### Stored items from a collection
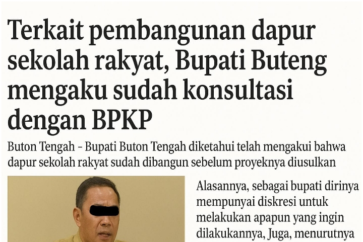 Buton Tengah, Sulawesi Tenggara – Kebijakan pembangunan Dapur Sekolah Rakyat di Kabupaten Buton Tengah (Buteng), Sulawesi Tenggara, menuai sorotan tajam dan polemik di tengah masyarakat. Hal ini terjadi setelah Bupati Buteng, Dr. H. Azhari, secara terbuka mengakui bahwa proyek tersebut dieksekusi sebelum adanya payung hukum penganggaran resmi dalam Anggaran Pendapatan dan Belanja Daerah (APBD).
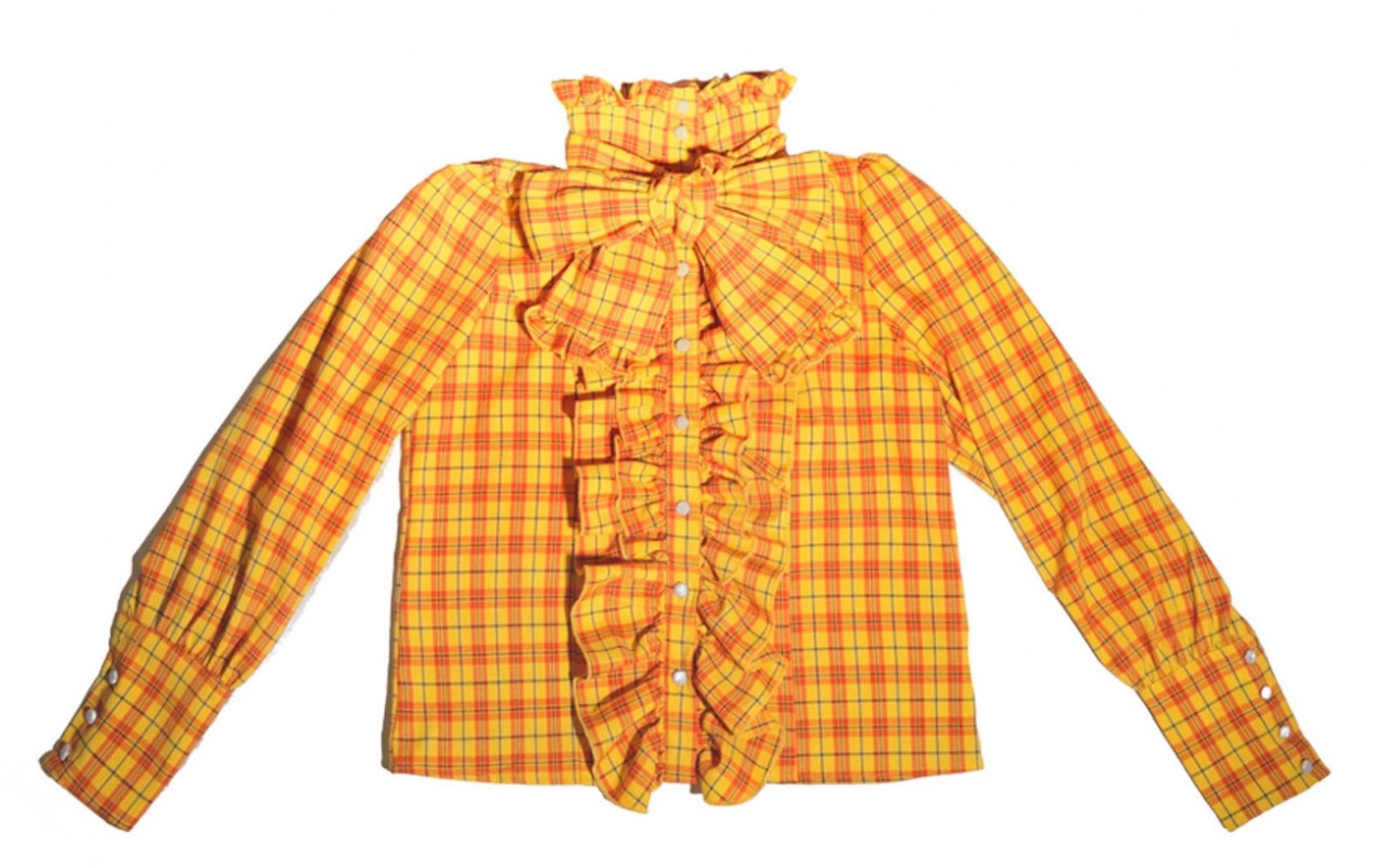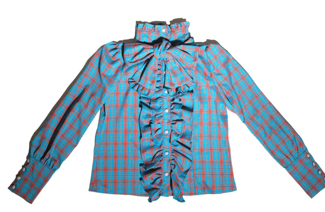 このブラウスは、チェック柄のデザインとハイネックが特徴で、立体的なシルエットで洗練された印象を与えます。
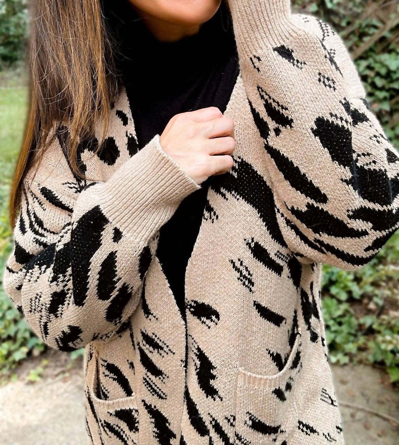Throw this adorable cardigan over any cami or tank top. Introducing the Harper Heavyweight Animal Print Cardigan by With Love, Molly—a must-have staple for your closet. This cardigan features long sleeves and a v-neck in a trendy abstract animal print that is both modern and fashion-forward. Made from designer-quality pre-shrunk wool, it offers a flattering long length and oversized fit in a chic beige color. Perfect for any occasion, this heavyweight piece is a versatile option that you'll cherish for years.
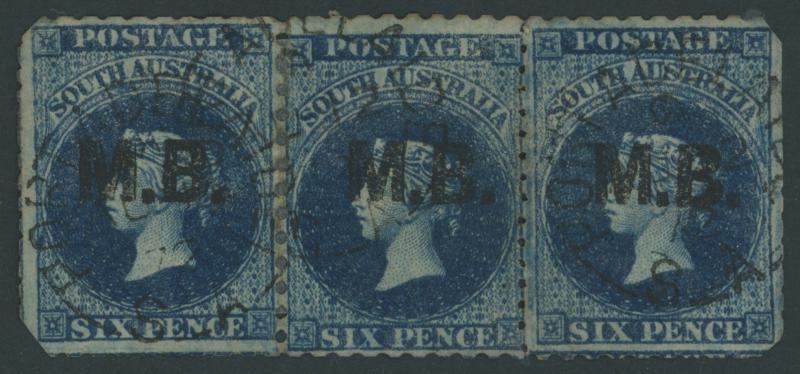 BLACK OVERPRINT: 'M.B.' on QV Perkins Bacon Large Star Wmk Perf 11½-12½ 6d Prussian blue SG DO345 horizontal strip of 3, the central unit very fine the others with clipped outer corners & some trimmed perfs, some split/reinforced perfs between the first two units, fine Port Adelaide cds of 'AU12/72', Cat £675+. Rated RRR+; unrecorded unused. A rare multiple. Ex Lord Samuel Vestey - sold for £360 - and David Pitts (in a group lot). Absent from 'Besancon' and Don Pearce but his superb single in bright blue and pair in dull blue sold for $359 & $1135 respectively (Sale 247 Lots 511 & 512). (Image1)
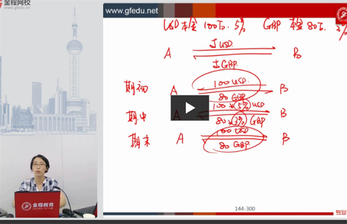老师这里是不是画错了,期末,A应该还给B80GBP,而不是100USD
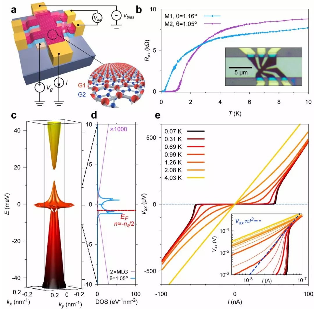 圖2.扭曲雙層石墨烯中的電子能帶結(jié)構(gòu)
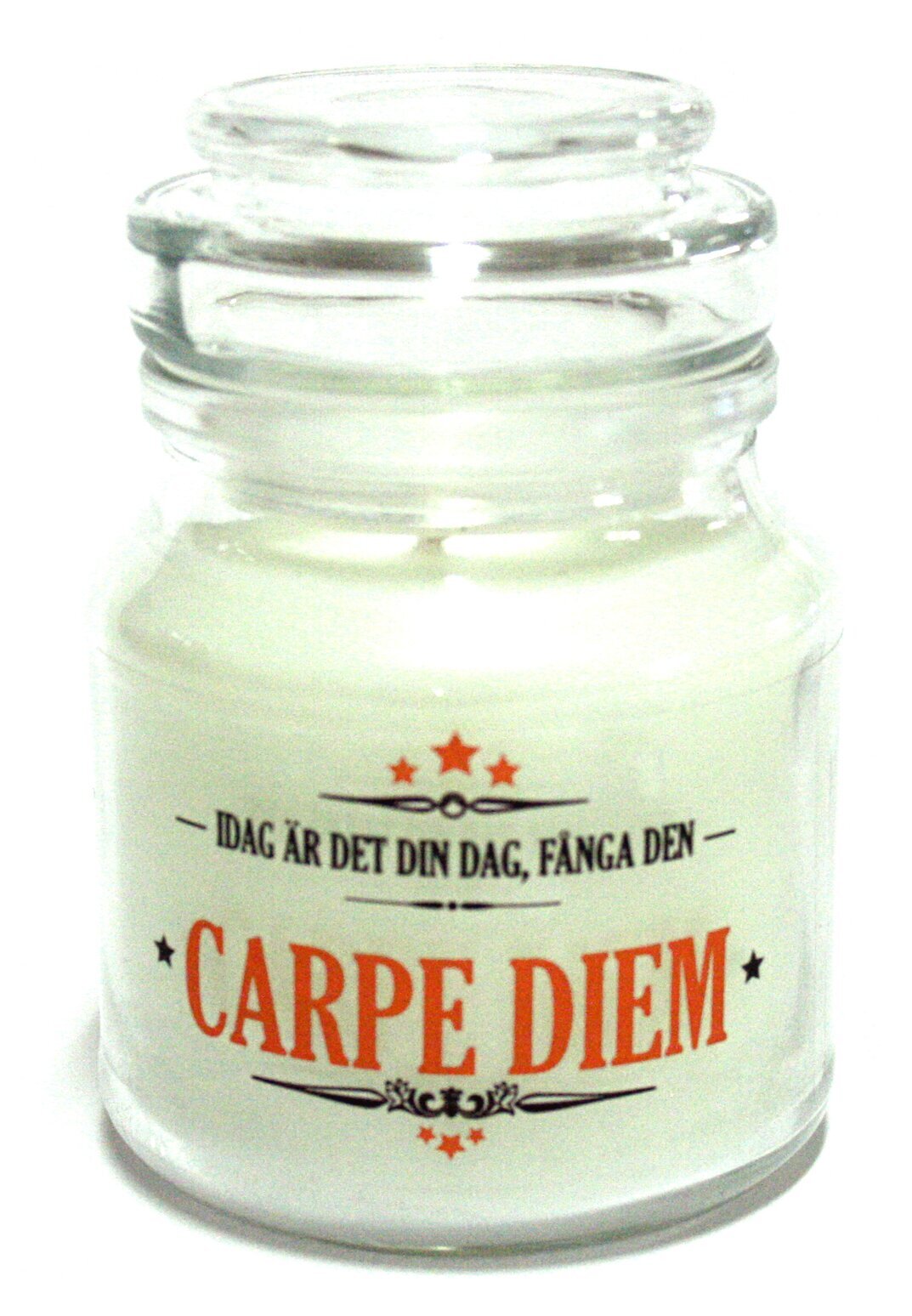 Vackert ljus i glasburk med lock utan doft. Uppskattad present, både att ge & få. Ljusets budskap "Idag är det din dag, fånga den, Carpe Diem" Mått: 10 x Ø 7 cm. Läs mer
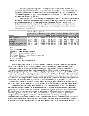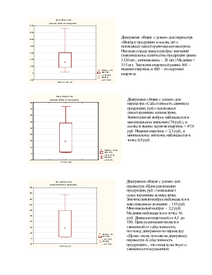 Также приводятся значения квартилей (25%, 75%), персентилей (10%, 90%). Так например, значения, находящиеся в зоне, где расположено менее 25% наблюдаемых значений переменной располагаются в нижнем квартиле: например, нижняя квартиль для выпуска продукции составила -  160 шт. А значения, находящиеся в зоне, где расположены 25% самых верхних наблюдаемых значений (другими словами, свыше 75%), располагаются в верхнем квартиле. И для выпуска продукции верхняя квартиль составляет – 600 шт. (Большой размах свидетельствует о специализации предприятия: в данном случае, специализация идет на торты и пирожные, а выпуск хлебобулочных изделий и кексов/рулетов - невысокий). Диапазон квартилей показывает  разницу между верхней и нижней квартилями, так для цены реализации продукции диапазон составил 95,7%.
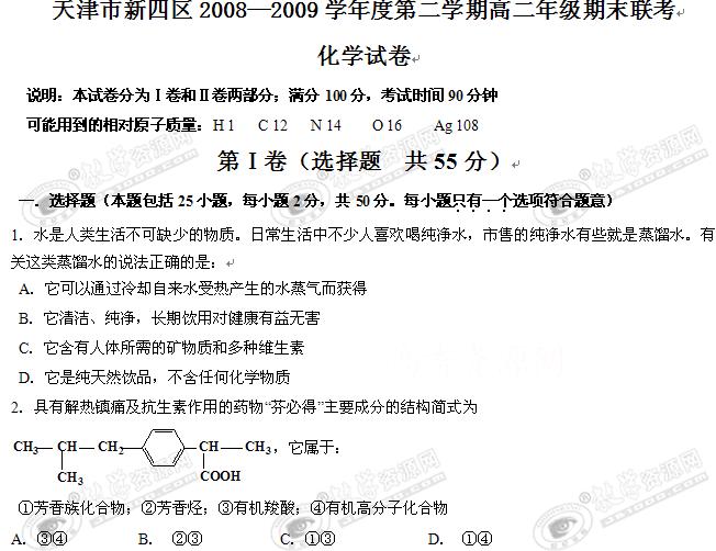 天津市新四区08-09学年高二下学期期末联考(化学)
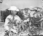 Dean checks the growth of a castor bean plant on his farm. He believes the beans may be a practical secondary crop for his area.
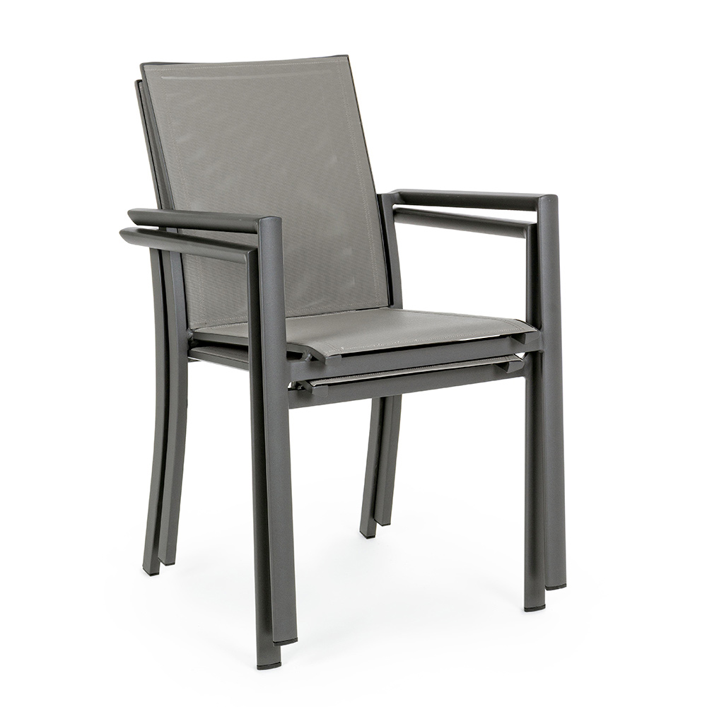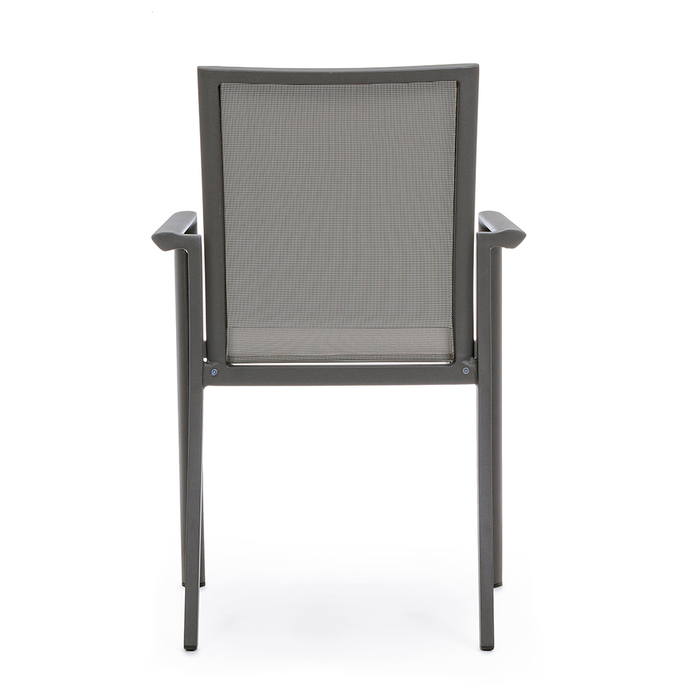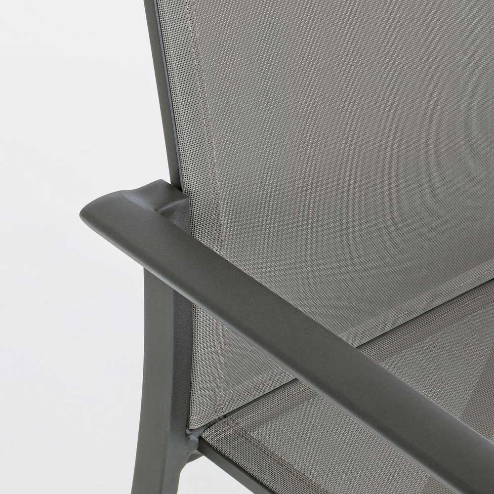 Struttura in alluminio verniciato a polvere (poliestere). Seduta e schienale rivestiti in textilene Phifer 1x1. Impilabile.
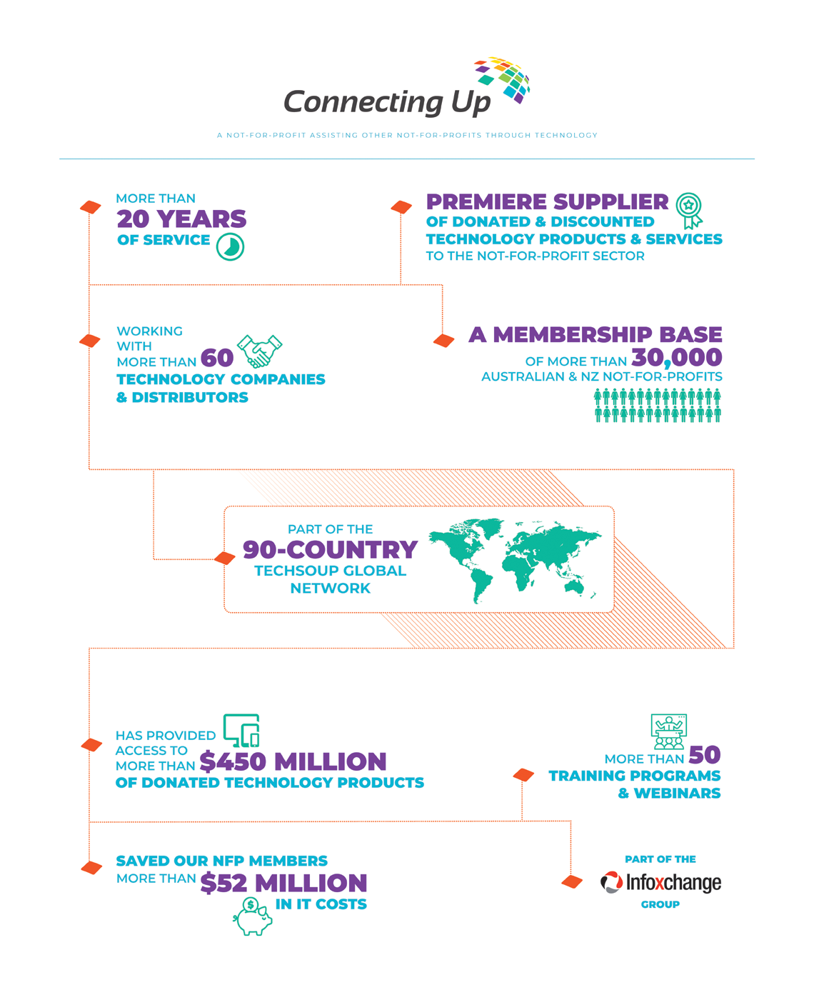 Connecting Up’s and TechSoup New Zealand’s services are available in Australia, New Zealand and throughout the South Pacific. Our work has a huge impact across all sectors of the not-for-profit sector, increasing the effectiveness and capabilities of organisations in almost every area that they operate.
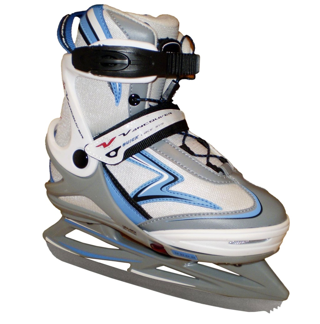 Gheata de patinaj cu formă anatomică (Quick Lock) se adaptează perfect la arcada și călcâiul piciorului.Două catarame asigură strângerea perfectă a pantofului.

### Task brief
Please print the data above in its entirety, exactly, but without any picture.

### Reply to the task
 Buton Tengah, Sulawesi Tenggara – Kebijakan pembangunan Dapur Sekolah Rakyat di Kabupaten Buton Tengah (Buteng), Sulawesi Tenggara, menuai sorotan tajam dan polemik di tengah masyarakat. Hal ini terjadi setelah Bupati Buteng, Dr. H. Azhari, secara terbuka mengakui bahwa proyek tersebut dieksekusi sebelum adanya payung hukum penganggaran resmi dalam Anggaran Pendapatan dan Belanja Daerah (APBD).
 このブラウスは、チェック柄のデザインとハイネックが特徴で、立体的なシルエットで洗練された印象を与えます。
Throw this adorable cardigan over any cami or tank top. Introducing the Harper Heavyweight Animal Print Cardigan by With Love, Molly—a must-have staple for your closet. This cardigan features long sleeves and a v-neck in a trendy abstract animal print that is both modern and fashion-forward. Made from designer-quality pre-shrunk wool, it offers a flattering long length and oversized fit in a chic beige color. Perfect for any occasion, this heavyweight piece is a versatile option that you'll cherish for years.
 BLACK OVERPRINT: 'M.B.' on QV Perkins Bacon Large Star Wmk Perf 11½-12½ 6d Prussian blue SG DO345 horizontal strip of 3, the central unit very fine the others with clipped outer corners & some trimmed perfs, some split/reinforced perfs between the first two units, fine Port Adelaide cds of 'AU12/72', Cat £675+. Rated RRR+; unrecorded unused. A rare multiple. Ex Lord Samuel Vestey - sold for £360 - and David Pitts (in a group lot). Absent from 'Besancon' and Don Pearce but his superb single in bright blue and pair in dull blue sold for $359 & $1135 respectively (Sale 247 Lots 511 & 512). (Image1)
老师这里是不是画错了,期末,A应该还给B80GBP,而不是100USD
 圖2.扭曲雙層石墨烯中的電子能帶結(jié)構(gòu)
 Vackert ljus i glasburk med lock utan doft. Uppskattad present, både att ge & få. Ljusets budskap "Idag är det din dag, fånga den, Carpe Diem" Mått: 10 x Ø 7 cm. Läs mer
 Также приводятся значения квартилей (25%, 75%), персентилей (10%, 90%). Так например, значения, находящиеся в зоне, где расположено менее 25% наблюдаемых значений переменной располагаются в нижнем квартиле: например, нижняя квартиль для выпуска продукции составила -  160 шт. А значения, находящиеся в зоне, где расположены 25% самых верхних наблюдаемых значений (другими словами, свыше 75%), располагаются в верхнем квартиле. И для выпуска продукции верхняя квартиль составляет – 600 шт. (Большой размах свидетельствует о специализации предприятия: в данном случае, специализация идет на торты и пирожные, а выпуск хлебобулочных изделий и кексов/рулетов - невысокий). Диапазон квартилей показывает  разницу между верхней и нижней квартилями, так для цены реализации продукции диапазон составил 95,7%.
 天津市新四区08-09学年高二下学期期末联考(化学)
 Dean checks the growth of a castor bean plant on his farm. He believes the beans may be a practical secondary crop for his area.
 Struttura in alluminio verniciato a polvere (poliestere). Seduta e schienale rivestiti in textilene Phifer 1x1. Impilabile.
 Connecting Up’s and TechSoup New Zealand’s services are available in Australia, New Zealand and throughout the South Pacific. Our work has a huge impact across all sectors of the not-for-profit sector, increasing the effectiveness and capabilities of organisations in almost every area that they operate.
 Gheata de patinaj cu formă anatomică (Quick Lock) se adaptează perfect la arcada și călcâiul piciorului.Două catarame asigură strângerea perfectă a pantofului.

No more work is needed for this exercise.